The rise in Gen Z trads are a backlash.

tcrosse చెప్పారు...

My first wife was a Womens Studies graduate from the U. of Minnesota, class of 1973, so I think I had a handle on 70s feminist Zeitgeist. It took her a while to figure out that she was not cut out for marriage, and for me to agree.

Iman చెప్పారు...

I married my beautiful bride in ‘76… a great year for us.

traditionalguy చెప్పారు...

The 20 year stretch from 63 to 83 saw culture metamorphosis after Birtg Control followed by Drugs and sexual revolution ending with AIDS Rpidemic. Those were the crazy times.

mccullough చెప్పారు...

Station to Station and Songs in the Key of Life were released in 1976. That makes 1976 a good year regardless of what else happened.

What year did the Pants Suit emerge? We can trace the start of The Decline to that year

Lazarus చెప్పారు...

To have been born in 1982 is to have grown up after the Revolution and to have only the haziest notions of what life was like before. You may know what was gained, but never considered what was lost.

Bruce Hayden చెప్పారు...

“My first wife was a Womens Studies graduate from the U. of Minnesota, class of 1973, so I think I had a handle on 70s feminist Zeitgeist. It took her a while to figure out that she was not cut out for marriage, and for me to agree.”

My college GF graduated that year. Yes, a feminist. But I take full responsibility for teaching her to not wear a bra. B cup, so never really needing one. It was really fairly easy - I was trained to take a woman’s bra off one handed, and could even do it through clothes. Getting her to open the door for me was maybe even easier - we’d walk up to a door, and we would keep talking, until she opened the door.

Then, after I graduated (72’) she ended up with another music major, and they have been married for over 50 years now. She was the talented (admitted to Juilliard for grad school), but she put him through a PhD instead.

Bruce Hayden చెప్పారు...

Biggest memory of 1976 was a free concert, on the Mall in DC, by the Beach Boys, on the 4th of July. Spent maybe 6 years in DC, and hated it.

Wince చెప్పారు...

"Once we get out of the 80s, the 90s are going to make the 60s look like the 50s."

Bruce Hayden చెప్పారు...

That old college girlfriend was a feminist. And gave up a real career for a less talented guy’s career. My partner of more than a quarter century now is an anti-feminist. She is proud of the fact that even at 50 she could get a line of guys to vie for the privilege of mowing her lawn (in August in PHX). Her job was to give her husband a beautiful home (she was in Architectural Digest several times) and raise kids. Wouldn’t want anything else - she turned down serious opportunities to become a star in Hollywood, or a model in NYC. Mostly for raising kids, I think. Raised 3, 4, 2, and now 4 kids (ranging now from 35 to 55).

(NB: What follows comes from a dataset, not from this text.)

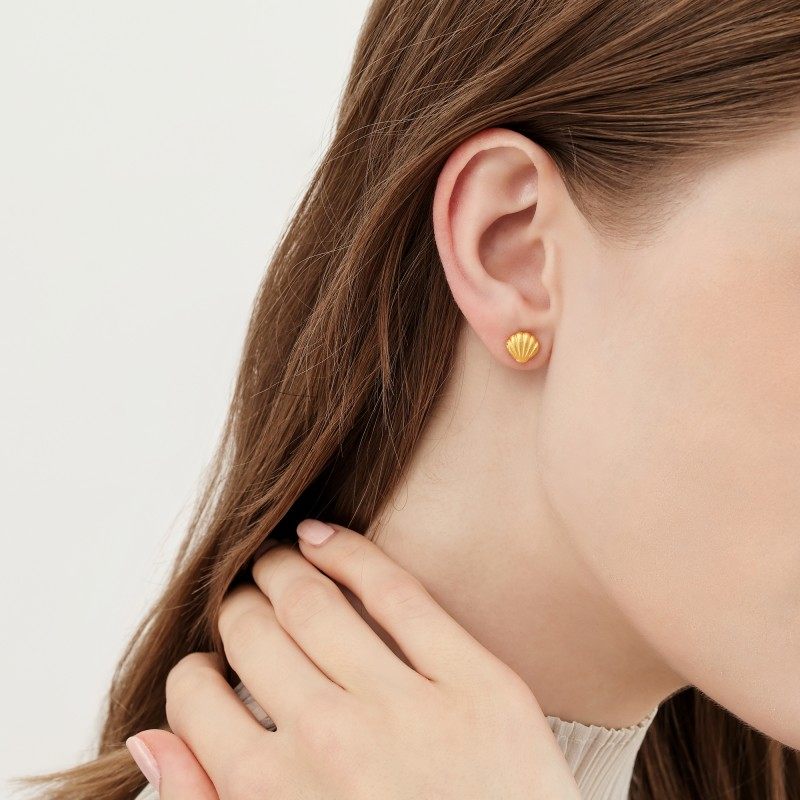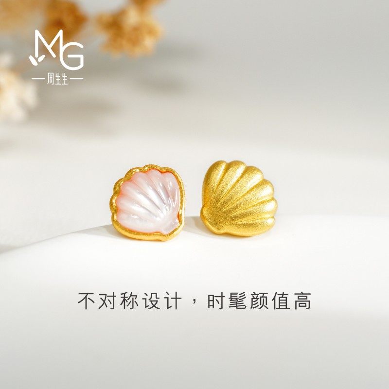 周生生爱情密语足金贝母黄金耳钉女耳饰可爱公主风93526E定价
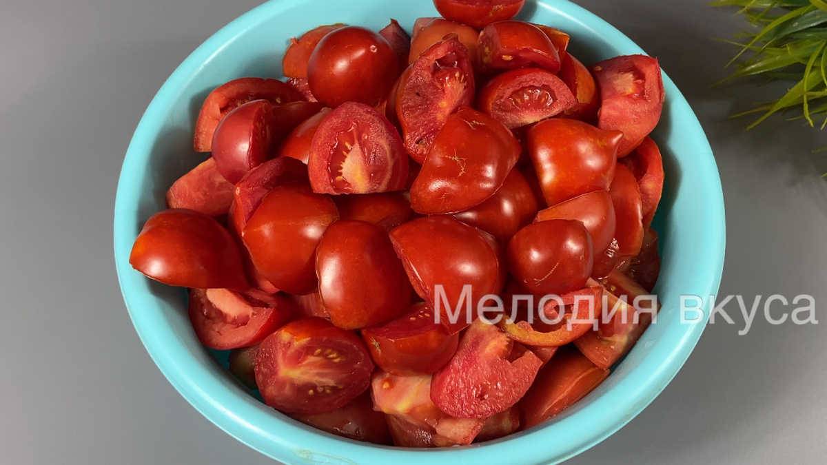 1. Помидоры нарезаем крупными дольками, пропускаем через мясорубку, переливаем получившуюся массу в большую и глубокую кастрюлю и ставим вариться на медленном огне 20 минут с момента закипания.

She still goes ga-ga over babies. The other night we were out with her daughter, two oldest grandkids, and first, so far, great grandson. So, at some point, she wanders away from the table, to go to the bathroom. Didn’t come back, and we were starting to worry. Then saw her across the room, with someone else’s baby. She knew that she was at the wrong table, because that baby wasn’t as cute as her great grandson. But had to play with the baby anyway.

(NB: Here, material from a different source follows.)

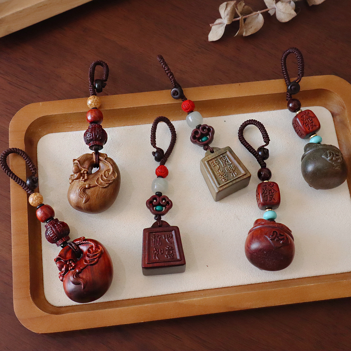 菩提の銭袋の自動車のキーは精巧なペンダントのアクセサリの桃木の携帯電話の蓮の蓬のペンダントの男女の携帯電話のチェーンを掛けて飾ります。

So, I will remind her that they are cute and fun, until they become teenagers. And she retorts that she loved those years too. Of course, it isn’t just teenagers. My daughter’s daughter is already in the Terrible Twos, maybe six months early.

Ampersand చెప్పారు...

It's telling that while women's objective economic and social status circumstances have improved dramatically since 1976, their responses to subjective happiness research suggests they are feeling worse. This is consistent with my belief that, once basic human physical needs are satisfied, our happiness thermostat continually resets to promote survival by increasing our sensitivity to potential threats, both real and (especially) imagined.